WORK INSTRUCTION ▸ Restate the data below word for word, omitting pictures.

EXTRACTED ENTRIES ▸
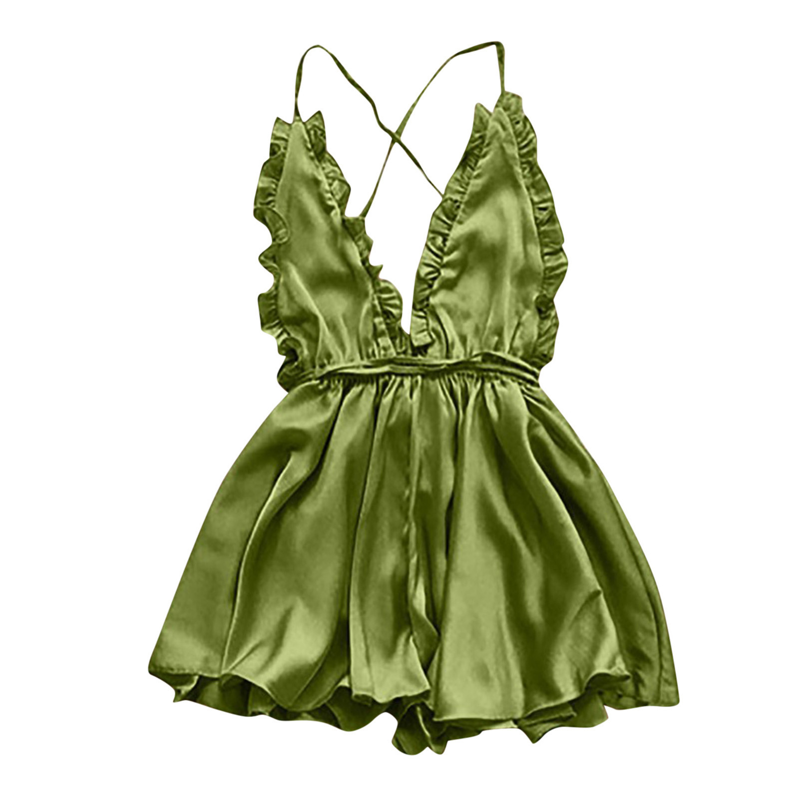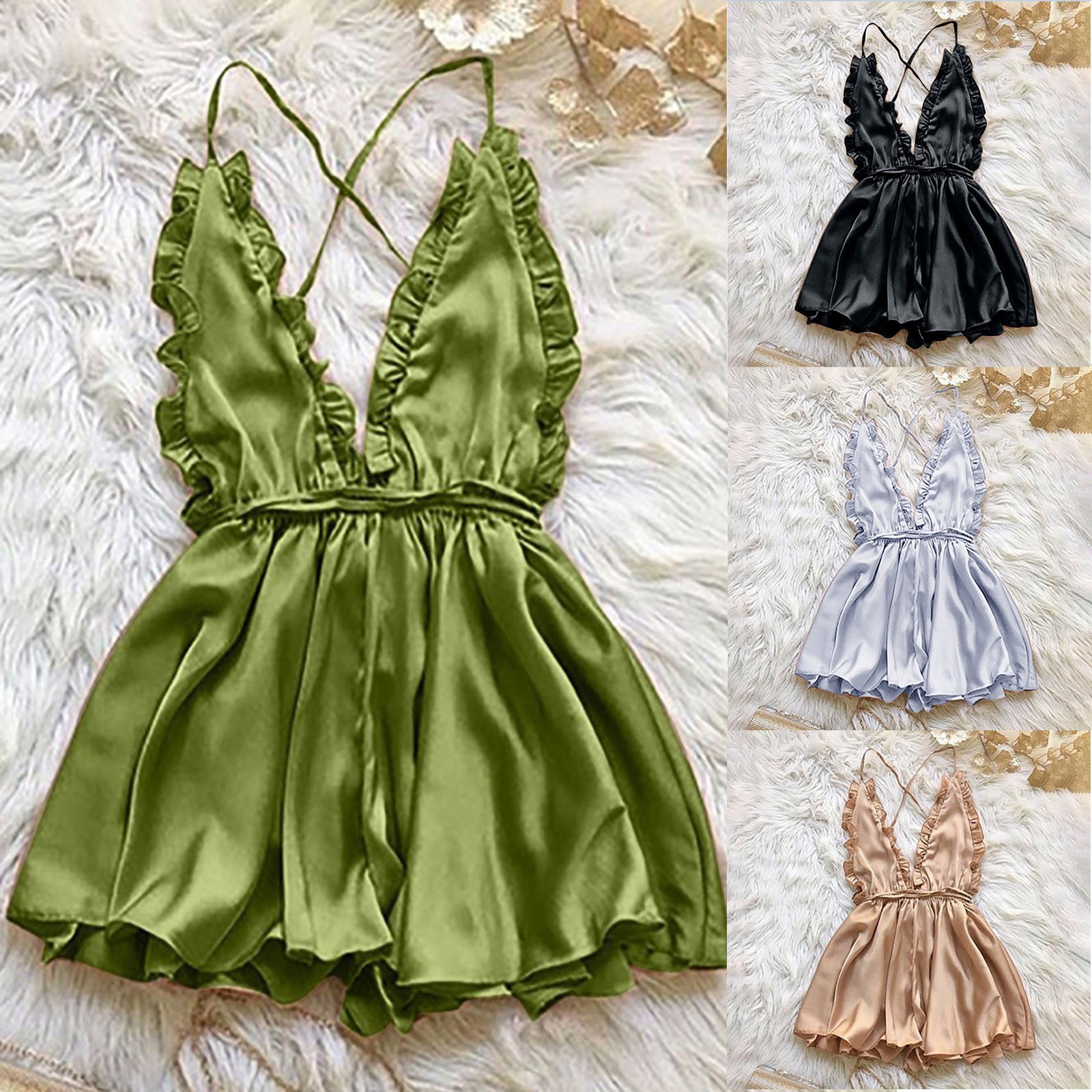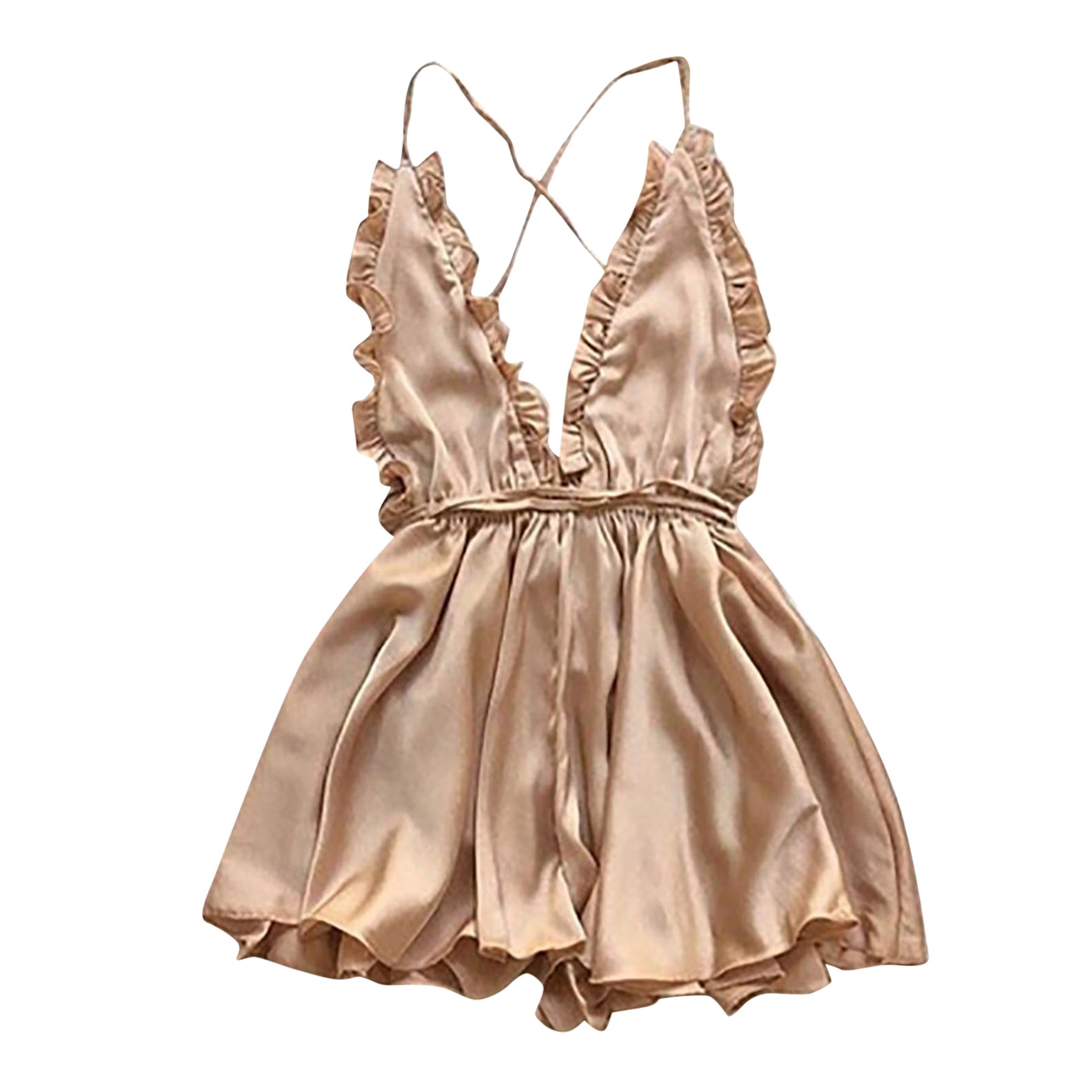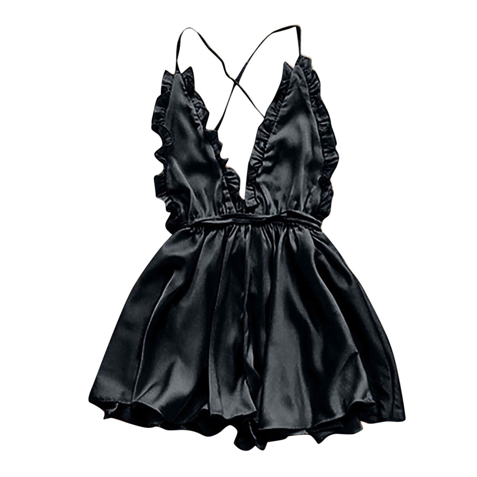 Women’s Sexy Dress With Wooden Ear Edge Deep V Neck Neck Tie Backless Sexy Lingerie Nightdress
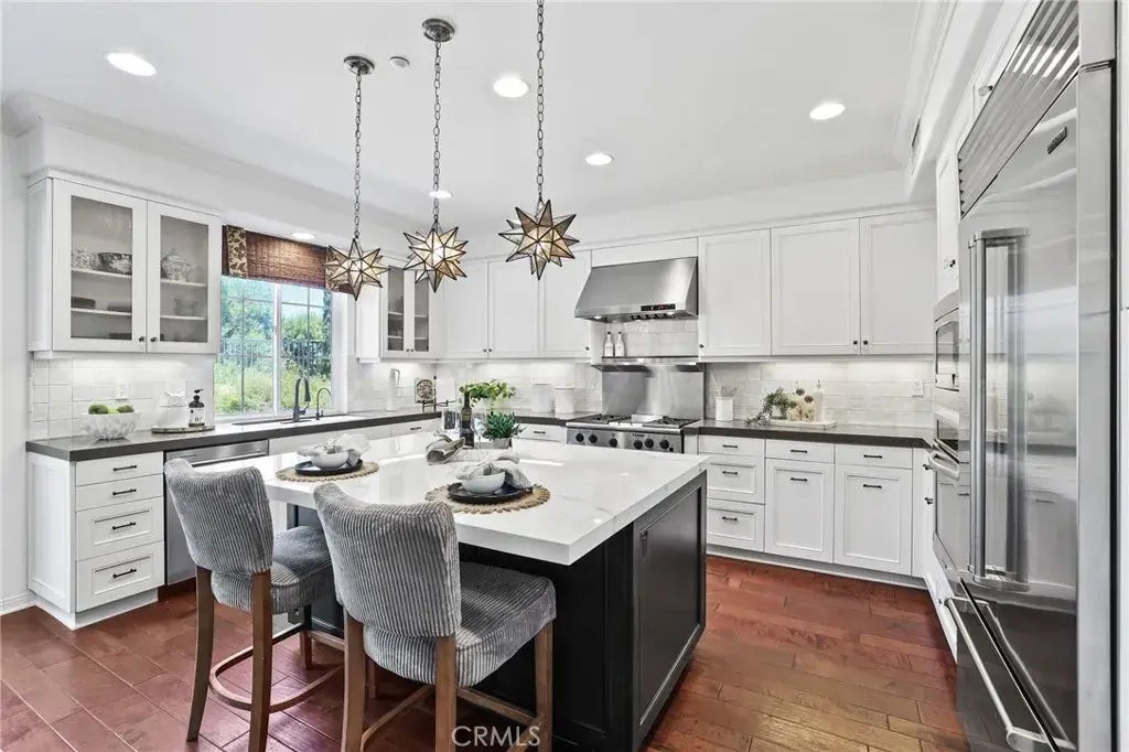 Tucked away at the end of a quiet cul-de-sac on a coveted corner lot in the prestigious gated community of Kensington Estates, this exceptional residence welcomes you with a sweeping driveway and timeless curb appeal. But the true magic begins before you even step insidewithin a reimagined backyard that captivates with panoramic views. More than just an outdoor space, this sanctuary inspired retreat is a lifestyle experience. Dine under the covered patio, unwind as the sun dips below the horizon. Inside, soaring ceilings and abundant natural light elevate the grand living room, creating an atmosphere of warmth and sophistication. A dedicated office provides a quiet space for work or study, while a downstairs guest bedroom and full bath offer ideal accommodations for visitors. A spacious laundry room adds convenience to daily living. At the heart of the home, the open-concept family room and kitchen seamlessly blend form and function, anchored by a cozy fireplace. Recently remodeled, the kitchen is a showcase of fine craftsmanshipfeaturing white cabinetry, quartz and porcelain countertops, and top-tier appliances from Sub-Zero and KitchenAid. An oversized microwave, second oven, and advanced reverse osmosis water system complete this chefs dream space. Upstairs, five generously sized bedrooms await, including a luxurious primary suite that exudes refined elegance. Enjoy a private balcony, plush carpeting, walk-in closet, and a spa-inspired bath with a whirlpool tub, custom-tiled walk-in shower, double vanities, a beauty bar, and even a private exercise room. Secondary bedroo
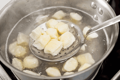 Bring water to a boil in a small pot. Carefully drop the dumplings into the boiling water one by one. Cook, gently stirring with a slotted spoon, until all dumplings float to the surface, plus one more minute.
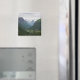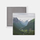 Imán fotográfico de recuerdo de un paisaje con un camino curvado en el verde valle de Hjelle rodeado de altas montañas en Noruega.
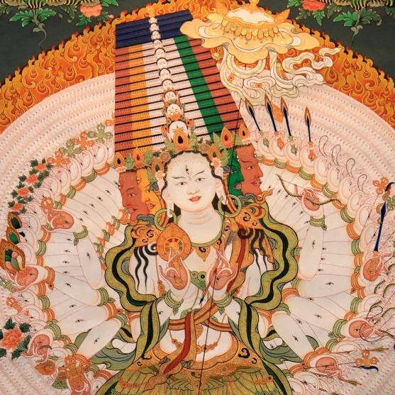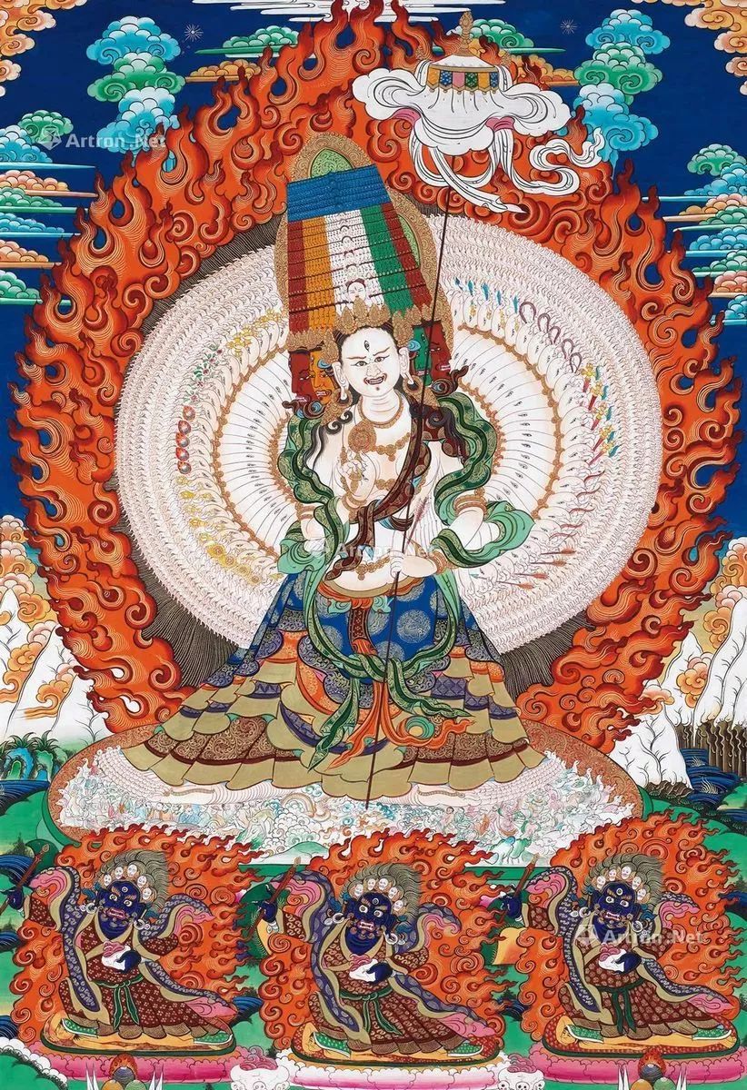 大白伞盖佛母愤怒相,复杂繁多,有一面二臂、三面六臂、五面六臂、二十一面、四十一面大白伞盖佛母等,而最为常见的是千面千手的大白伞盖佛母造像。
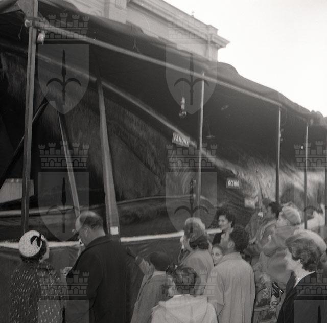 La gigantesca balena Golia, tra i più grandi esemplari al mondo, catturato nei mari della Norvegia ha una lingua che pesa quanto un elefante, ossia 2200 kili, un cuore di cinque quintali e mezzo e il peso di 62.000 kili, è lunga 22 metri. Il gigante degli Oceani viene esposto per quattro giorni, dal 6 al 9 novembre in Riva Nazario Sauro, vicino alla Pescheria. Testo tratto da Il Piccolo, 6.11.1954
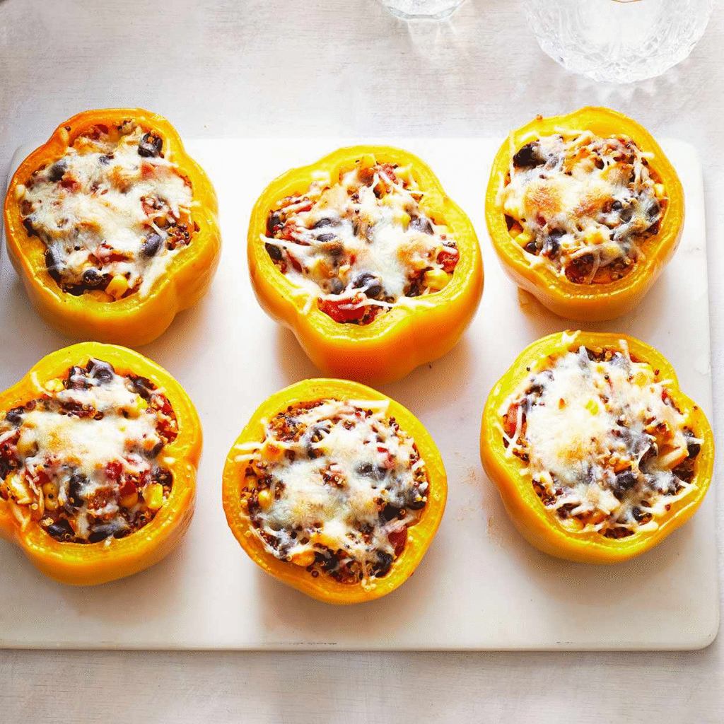 A: Totally preppable, and way smarter than my “hot only” hot-take phase—stuff and bake fully, cool quick (fridge straight, no steam trap), store in airtight with parchment between to avoid cheese glue. Reheats oven at 350°F 10 minutes or microwave covered—stays chewy, peppers hold snap if not nuked to death. I prepped a tray Sunday, zapped for lunches with avocado smash—flavors pop brighter day two, lime keeping it fresh. Just add extra cilantro post-heat; wilted’s a texture crime. Batch it, boss your week—you’re basically a quinoa queen now!

OUTPUT OF THE TASK ▸
 Women’s Sexy Dress With Wooden Ear Edge Deep V Neck Neck Tie Backless Sexy Lingerie Nightdress
 Tucked away at the end of a quiet cul-de-sac on a coveted corner lot in the prestigious gated community of Kensington Estates, this exceptional residence welcomes you with a sweeping driveway and timeless curb appeal. But the true magic begins before you even step insidewithin a reimagined backyard that captivates with panoramic views. More than just an outdoor space, this sanctuary inspired retreat is a lifestyle experience. Dine under the covered patio, unwind as the sun dips below the horizon. Inside, soaring ceilings and abundant natural light elevate the grand living room, creating an atmosphere of warmth and sophistication. A dedicated office provides a quiet space for work or study, while a downstairs guest bedroom and full bath offer ideal accommodations for visitors. A spacious laundry room adds convenience to daily living. At the heart of the home, the open-concept family room and kitchen seamlessly blend form and function, anchored by a cozy fireplace. Recently remodeled, the kitchen is a showcase of fine craftsmanshipfeaturing white cabinetry, quartz and porcelain countertops, and top-tier appliances from Sub-Zero and KitchenAid. An oversized microwave, second oven, and advanced reverse osmosis water system complete this chefs dream space. Upstairs, five generously sized bedrooms await, including a luxurious primary suite that exudes refined elegance. Enjoy a private balcony, plush carpeting, walk-in closet, and a spa-inspired bath with a whirlpool tub, custom-tiled walk-in shower, double vanities, a beauty bar, and even a private exercise room. Secondary bedroo
 Bring water to a boil in a small pot. Carefully drop the dumplings into the boiling water one by one. Cook, gently stirring with a slotted spoon, until all dumplings float to the surface, plus one more minute.
 Imán fotográfico de recuerdo de un paisaje con un camino curvado en el verde valle de Hjelle rodeado de altas montañas en Noruega.
 大白伞盖佛母愤怒相,复杂繁多,有一面二臂、三面六臂、五面六臂、二十一面、四十一面大白伞盖佛母等,而最为常见的是千面千手的大白伞盖佛母造像。
 La gigantesca balena Golia, tra i più grandi esemplari al mondo, catturato nei mari della Norvegia ha una lingua che pesa quanto un elefante, ossia 2200 kili, un cuore di cinque quintali e mezzo e il peso di 62.000 kili, è lunga 22 metri. Il gigante degli Oceani viene esposto per quattro giorni, dal 6 al 9 novembre in Riva Nazario Sauro, vicino alla Pescheria. Testo tratto da Il Piccolo, 6.11.1954
 A: Totally preppable, and way smarter than my “hot only” hot-take phase—stuff and bake fully, cool quick (fridge straight, no steam trap), store in airtight with parchment between to avoid cheese glue. Reheats oven at 350°F 10 minutes or microwave covered—stays chewy, peppers hold snap if not nuked to death. I prepped a tray Sunday, zapped for lunches with avocado smash—flavors pop brighter day two, lime keeping it fresh. Just add extra cilantro post-heat; wilted’s a texture crime. Batch it, boss your week—you’re basically a quinoa queen now!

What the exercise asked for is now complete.